◆ **DATA PROVIDED**:

++++++

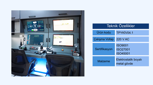 Özellikle insansız hava araçlarının uçuş, veri, pozisyon kontrol ve yönetimlerini sağlayan ergonomik yapıya uygun, çift ekran modülasyonu firmamız tarafından tasarlanmış üründür. Ürünün kendisi ve iç komponentleri ISO 9001, ISO 27001, ISO 45001 kalite belgeleri kapsamında doğrulanmış, AS 9100 kalite belgesi ve IPC-JTD-001, IPC/7711, IPC /WMHA-620, IPC /A-620, IPC /A-600 montaj ve lehimleme standartları alınmış özel imalat sistemleridir.
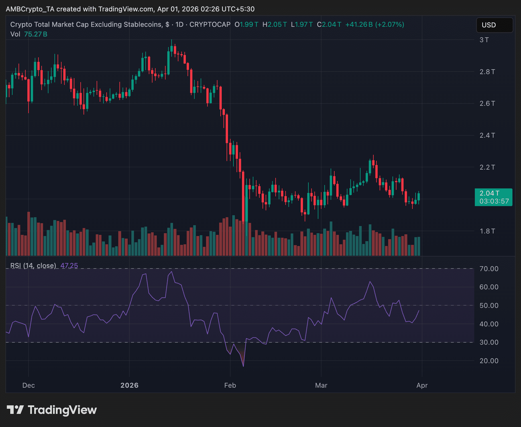 本季度初经历过大幅回调后,加密货币总市值基本稳定在既定区间内,价格主要在关键支撑和阻力之间波动,RSI指标也徘徊在中性区域。这说明下跌动能减弱,市场既没有出现大幅复苏,也未继续走低,呈现出“吸收风险、静待方向”的状态。
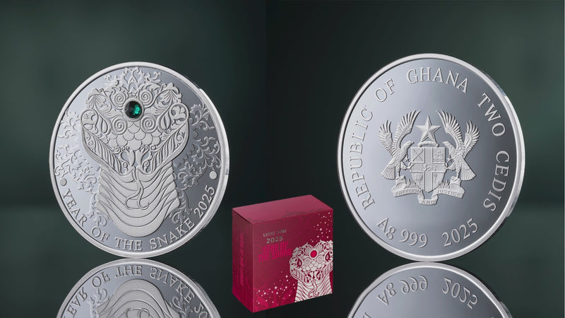Explore the 'SNAKE Lunar Year 1/2 Oz Silver Coin,' featuring a stylized snake with a green crystal, accompanied by the Public Seal of Ghana on the obverse

++++++

◆ **TASK INSTRUCTIONS**:
Please repeat everything in the data above except the pictures, exactly as it reads.

◆ **SOLUTION**:
 Özellikle insansız hava araçlarının uçuş, veri, pozisyon kontrol ve yönetimlerini sağlayan ergonomik yapıya uygun, çift ekran modülasyonu firmamız tarafından tasarlanmış üründür. Ürünün kendisi ve iç komponentleri ISO 9001, ISO 27001, ISO 45001 kalite belgeleri kapsamında doğrulanmış, AS 9100 kalite belgesi ve IPC-JTD-001, IPC/7711, IPC /WMHA-620, IPC /A-620, IPC /A-600 montaj ve lehimleme standartları alınmış özel imalat sistemleridir.
 本季度初经历过大幅回调后,加密货币总市值基本稳定在既定区间内,价格主要在关键支撑和阻力之间波动,RSI指标也徘徊在中性区域。这说明下跌动能减弱,市场既没有出现大幅复苏,也未继续走低,呈现出“吸收风险、静待方向”的状态。
Explore the 'SNAKE Lunar Year 1/2 Oz Silver Coin,' featuring a stylized snake with a green crystal, accompanied by the Public Seal of Ghana on the obverse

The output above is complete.